■ **TASK DATA**:
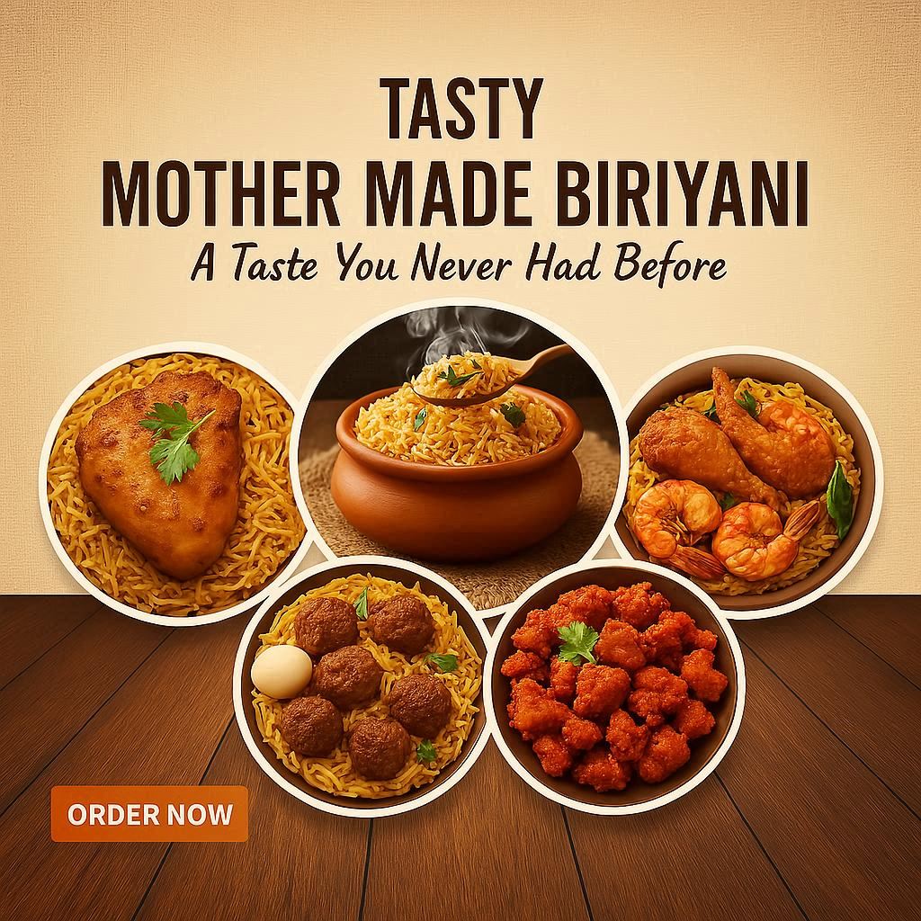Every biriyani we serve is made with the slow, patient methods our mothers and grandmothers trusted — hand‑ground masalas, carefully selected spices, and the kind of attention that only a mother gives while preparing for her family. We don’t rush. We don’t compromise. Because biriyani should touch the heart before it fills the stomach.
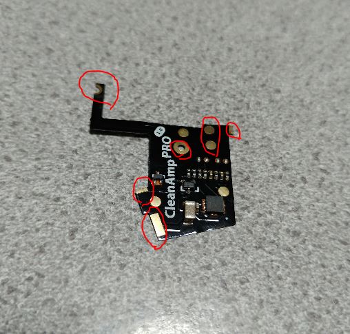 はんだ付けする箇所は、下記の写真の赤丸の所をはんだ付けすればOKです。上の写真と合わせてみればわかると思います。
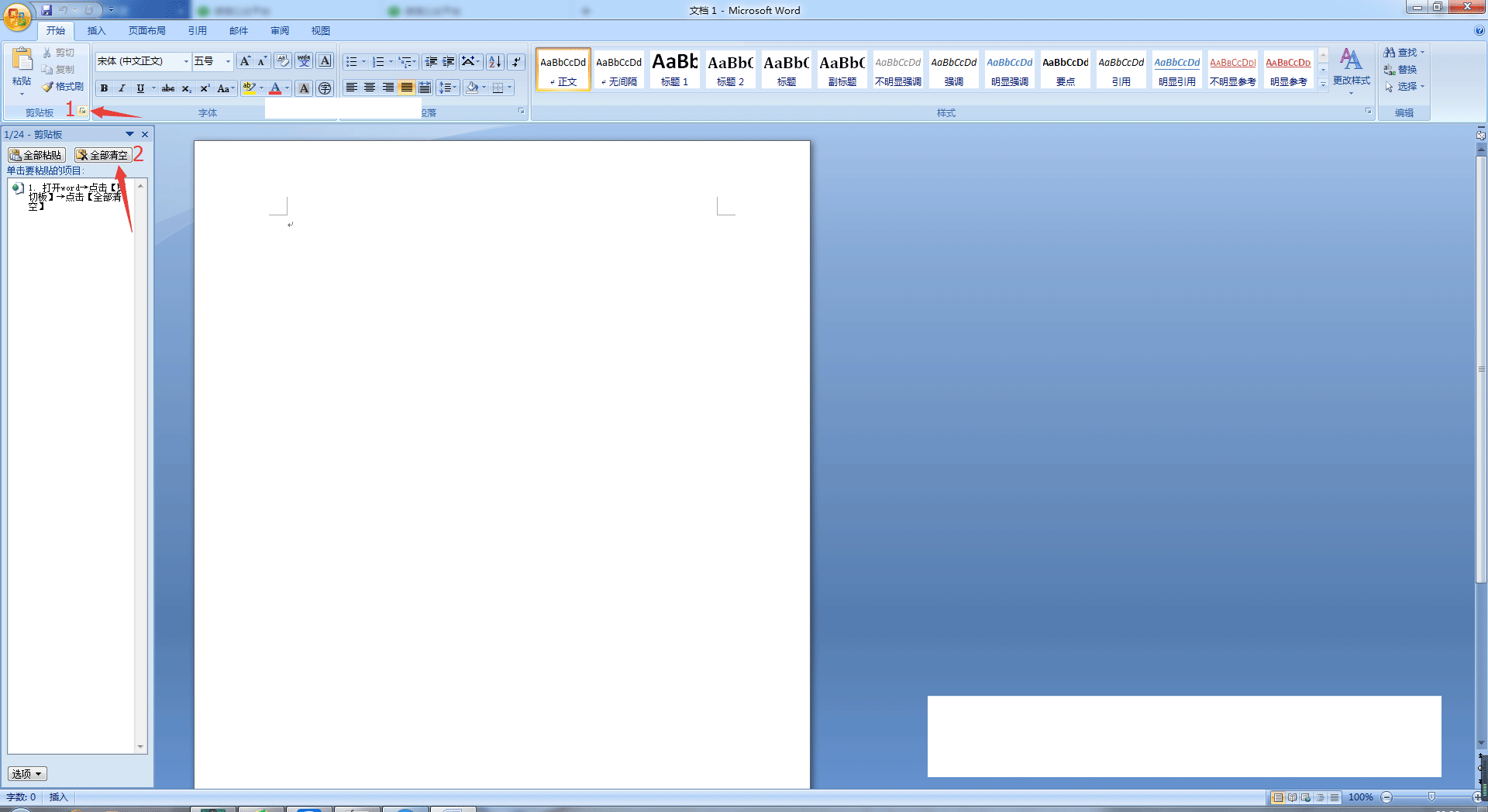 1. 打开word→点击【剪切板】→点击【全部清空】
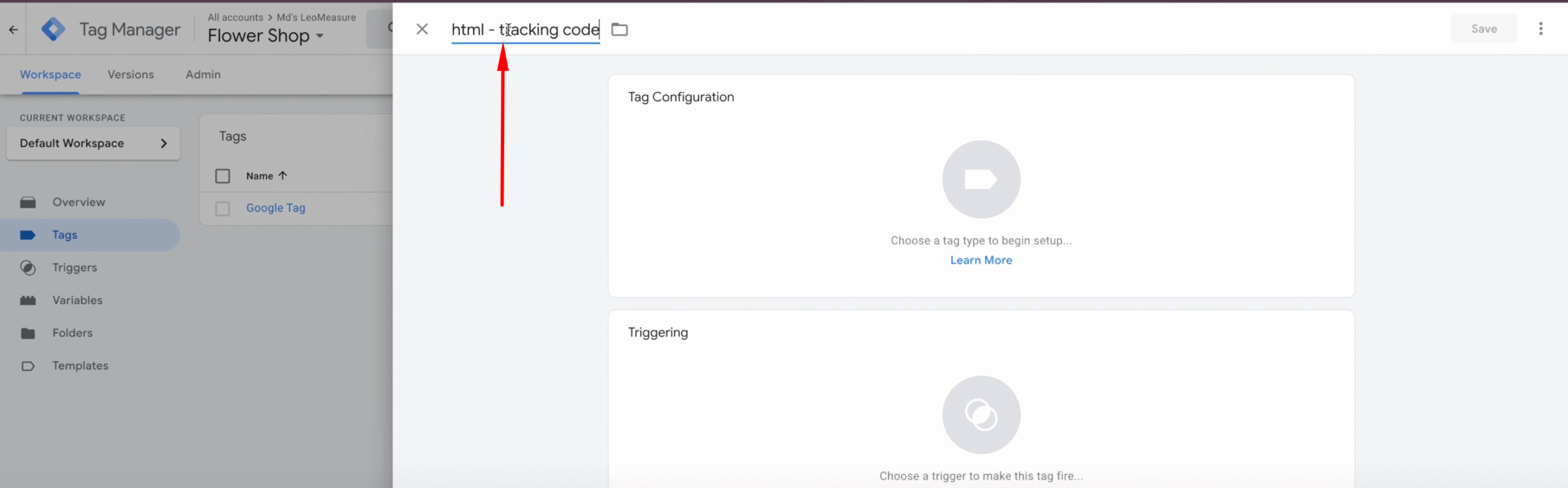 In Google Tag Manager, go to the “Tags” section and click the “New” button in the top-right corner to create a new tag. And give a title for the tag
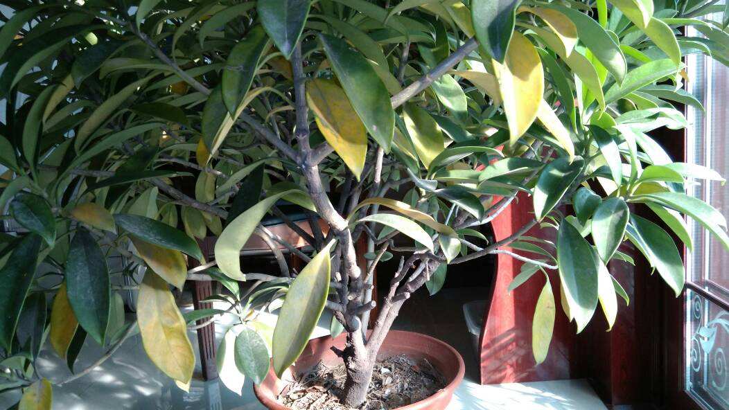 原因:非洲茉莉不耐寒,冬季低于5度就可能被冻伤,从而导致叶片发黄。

* * *

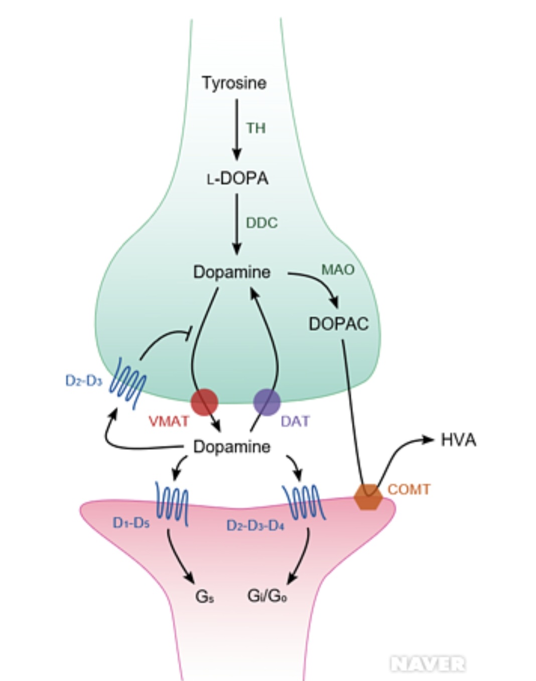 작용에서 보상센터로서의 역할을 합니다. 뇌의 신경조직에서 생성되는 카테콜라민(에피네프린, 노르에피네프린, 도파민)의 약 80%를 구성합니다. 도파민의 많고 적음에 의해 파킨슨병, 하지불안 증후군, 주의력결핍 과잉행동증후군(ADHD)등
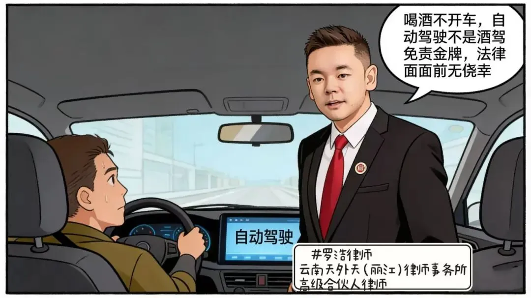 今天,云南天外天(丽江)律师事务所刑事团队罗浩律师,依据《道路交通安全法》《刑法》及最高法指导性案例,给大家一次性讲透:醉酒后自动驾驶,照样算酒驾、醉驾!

...

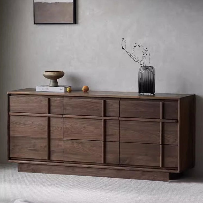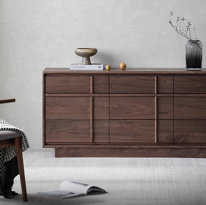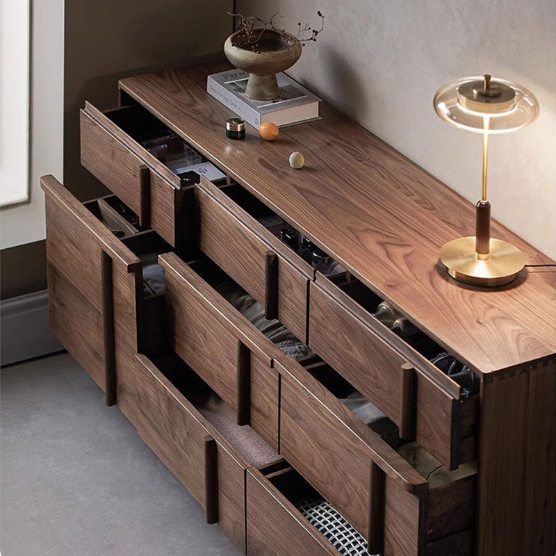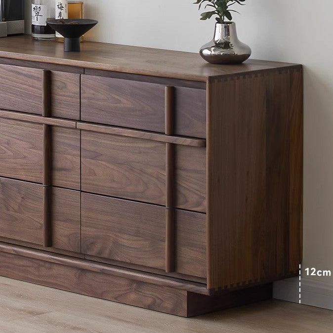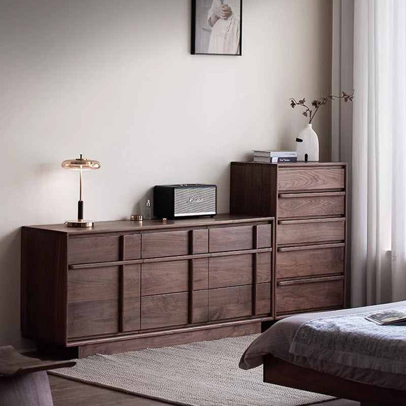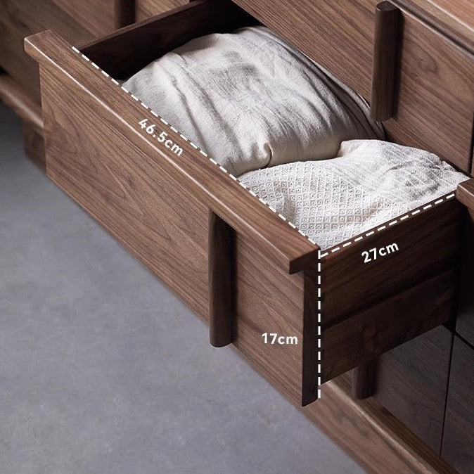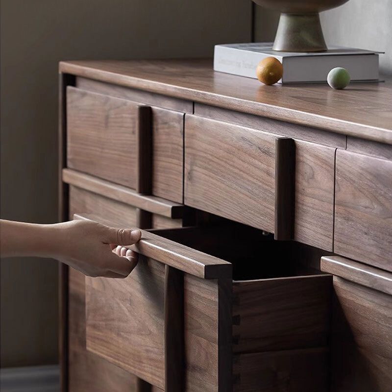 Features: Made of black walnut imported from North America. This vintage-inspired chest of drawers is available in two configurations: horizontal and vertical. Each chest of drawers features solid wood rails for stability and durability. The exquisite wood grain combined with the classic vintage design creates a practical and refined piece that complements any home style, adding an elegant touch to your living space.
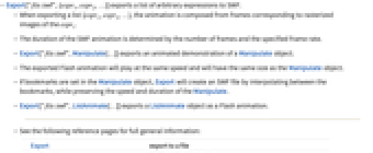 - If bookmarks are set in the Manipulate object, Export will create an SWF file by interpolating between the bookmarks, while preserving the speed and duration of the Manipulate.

■ **WHAT TO DO**:
Among the entries above, take the lines from the one with "Features: Made of" through the one with "- If bookmarks" and retype them exactly, leaving out the pictures.

■ **PROBLEM SOLUTION**:
 Features: Made of black walnut imported from North America. This vintage-inspired chest of drawers is available in two configurations: horizontal and vertical. Each chest of drawers features solid wood rails for stability and durability. The exquisite wood grain combined with the classic vintage design creates a practical and refined piece that complements any home style, adding an elegant touch to your living space.
 - If bookmarks are set in the Manipulate object, Export will create an SWF file by interpolating between the bookmarks, while preserving the speed and duration of the Manipulate.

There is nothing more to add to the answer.